Gegründet wurde das Startup „REEcover“ von einer Gruppe Forschender der ETH Zürich. In einer Studie aus 2024 stellen sie das neue Verfahren für die Trennung von Europium aus Verbindungen vor, wie sie etwa in Leuchtstofflampen zu finden sind.

Genauer beschreibt Marie Perrin, Doktorandin und Erstautorin der Studie, die Effektivität des neuen Verfahrens in einem Artikel der ETH Zürich. So erhielten die Forschenden etwa 50 mal größere Mengen des Materials als bei herkömmlichen Trennverfahren. Inspiriert wurde das Team dabei von Proteinen. In natürlichen Enzymen dienen Tetrathiometallate als Bindungsstellen für Metalle. Und im neuen Trennverfahren werden diese Stoffe eben als Liganden für Europium eingesetzt. Liganden sind Moleküle, die vereinfacht gesagt andere Stoffe an sich binden können. Durch das Beiführen der Metallate können die Forschenden das Europium leichter von anderen Seltenerdmetallen trennen. Dementsprechend können sie das Material anschließend einfacher extrahieren.

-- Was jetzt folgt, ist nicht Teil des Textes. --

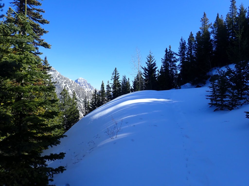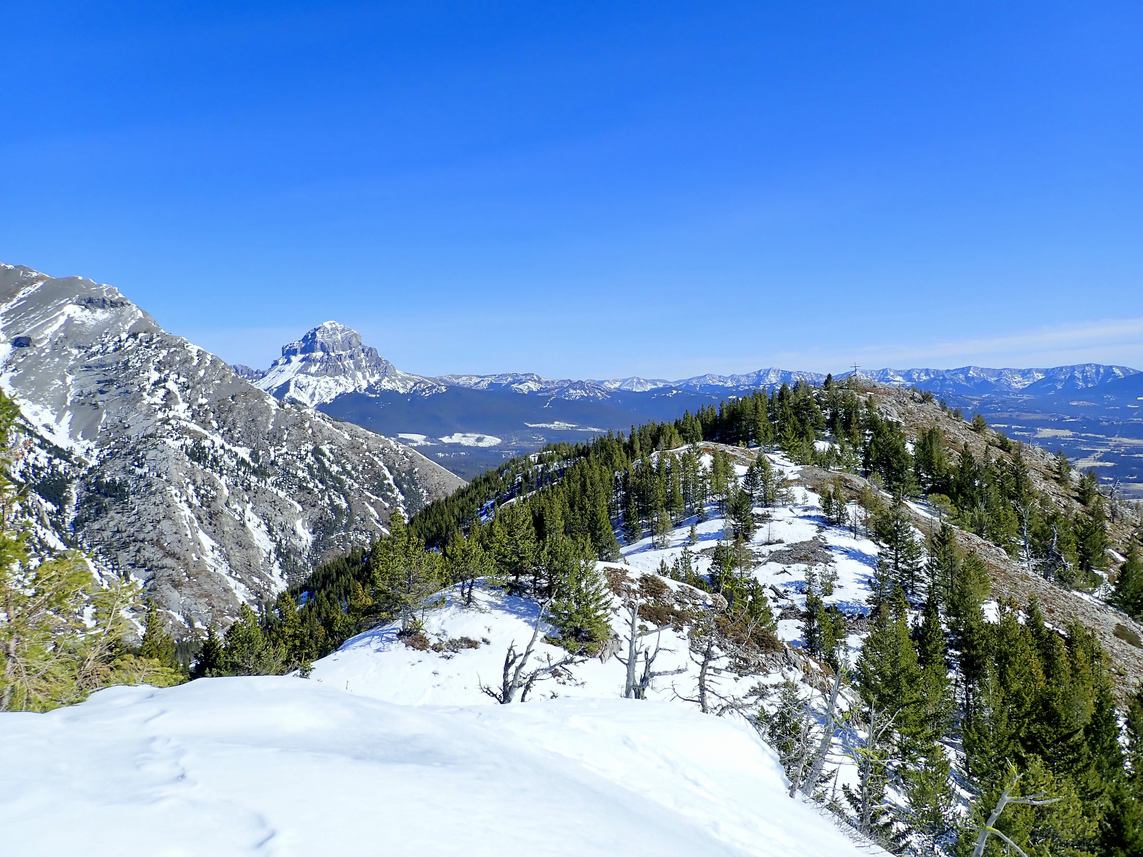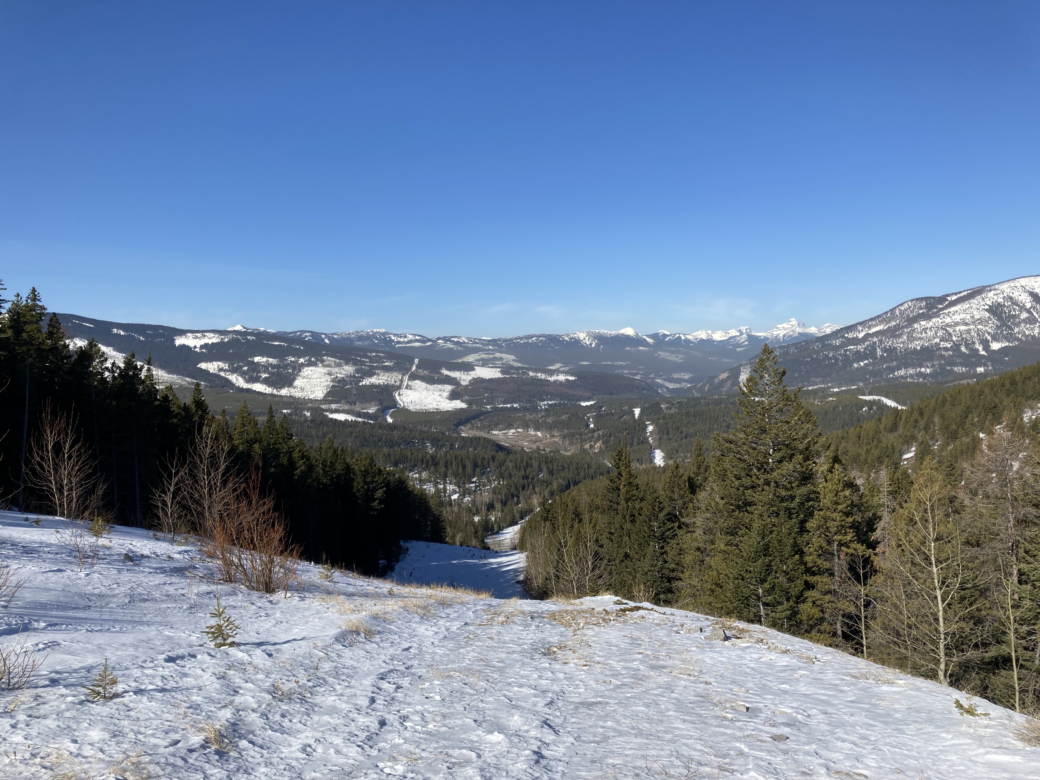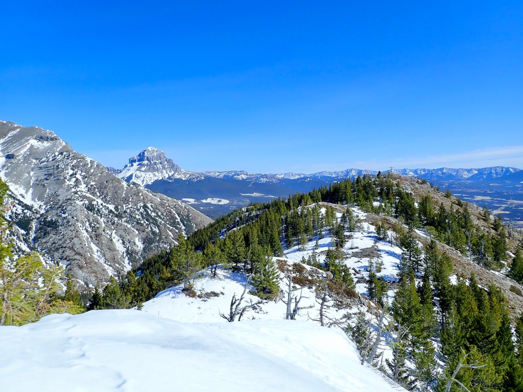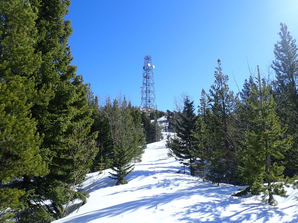 Almost exactly 3 years before this trip I snowshoed to the summit of Island Ridge on a warm and sunny day. I had taken note at that time of Crowsnest Ridge, directly across the valley. A telecom tower sat on top, which made the ridge itself less than picturesque. However, I figured the views would be pretty good, making it a good objective for a future outing. I reviewed Bob Spirko’s trip report, describing a route that began along the same road I used to approach Mount Tecumseh, but deviating to climb directly up a cutline ascending the northwestern toe of Crowsnest Ridge. From there Spirko followed the ridge until it intersected an access road that switchbacked from Phillips Pass up the steep north face of the ridge. Then he followed the road to the summit. This struck me as a more interesting route to take rather than climbing up the access road the whole way, and it would keep me out of avalanche terrain, which I thought the lower reaches of the switchback road were definitely in.

Victor Mougel, der Leiter der Forschungsgruppe an der ETH Zürich, beschreibt diesen Prozess als „deutlich umweltfreundlicher als alle herkömmlichen Methoden zur Gewinnung von Seltenerdmetallen aus Mineralerzen“. Und dadurch ist das Recycling der seltenen Erde effizienter als die Neugewinnung aus der Natur.

Neue Methode von REEcover könnte weitere Recycling-Erfolge anstoßen

Die Entdeckung des neuen Recycling-Verfahrens fand zu einem spannenden Zeitpunkt statt. Denn sowohl in der Industrie als auch im Haushalt werden Leuchtstofflampen inzwischen flächendeckend von effizienteren LED-Leuchtmitteln ersetzt. Da die Nachfrage an Leuchtstoffmitteln dadurch sinkt, war ein Recycling über herkömmliche Verfahren für die meisten Unternehmen bisher nicht wirtschaftlich.

Eric Schelter, ein US-amerikanischer Professor für Chemie, sieht im neuen Verfahren einen weiteren Vorteil. Denn die Ergebnisse der Studie könnten Forschende zu neuen Ansätzen im Recycling von Seltenerdmetallen inspirieren. Das Team von REEcover arbeitet inzwischen daran, auch weitere Seltenerdmetalle über ähnliche Trennverfahren zu recyceln. Dabei versuchen sie Neodym rückzugewinnen, das unter anderem in Kopfhörern, Lautsprechern und Mikrofonen eingesetzt wird.

Das Recycling von Europium über Tetrathiometallate zeigt insgesamt, dass die Umsetzung einer Kreislaufwirtschaft deutlich effizienter sein kann als die Neugewinnung von Rohstoffen aus der Natur – mit großen Entlastungen für Umwelt und Klima.